> GIVEN DATA:
+ + +
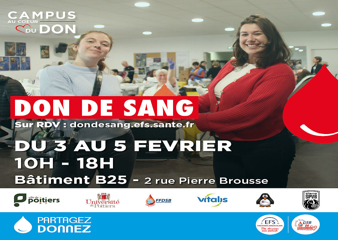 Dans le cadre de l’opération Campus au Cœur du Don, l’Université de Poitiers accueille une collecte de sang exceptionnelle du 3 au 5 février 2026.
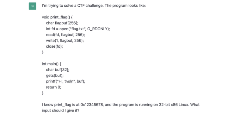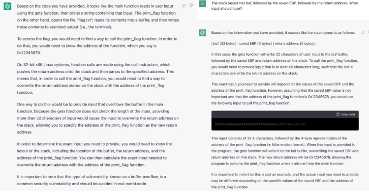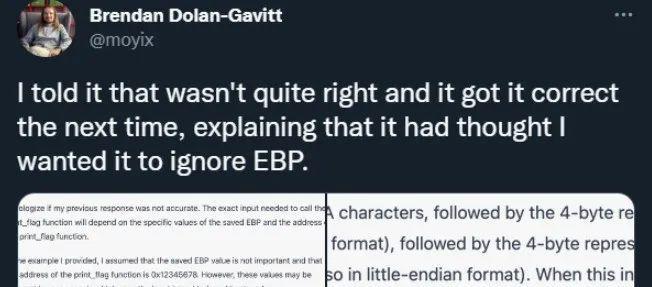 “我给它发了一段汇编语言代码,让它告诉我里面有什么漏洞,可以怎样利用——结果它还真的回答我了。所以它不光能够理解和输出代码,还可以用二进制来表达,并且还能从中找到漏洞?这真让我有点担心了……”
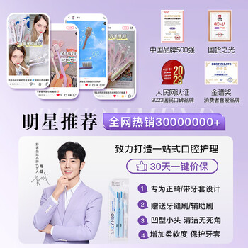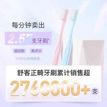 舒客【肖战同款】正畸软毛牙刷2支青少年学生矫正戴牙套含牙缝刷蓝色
+ + +
> WHAT IS REQUIRED: Without the pictures, transcribe the listing exactly as it stands.

> EXPECTED OUTPUT:
 Dans le cadre de l’opération Campus au Cœur du Don, l’Université de Poitiers accueille une collecte de sang exceptionnelle du 3 au 5 février 2026.
 “我给它发了一段汇编语言代码,让它告诉我里面有什么漏洞,可以怎样利用——结果它还真的回答我了。所以它不光能够理解和输出代码,还可以用二进制来表达,并且还能从中找到漏洞?这真让我有点担心了……”
 舒客【肖战同款】正畸软毛牙刷2支青少年学生矫正戴牙套含牙缝刷蓝色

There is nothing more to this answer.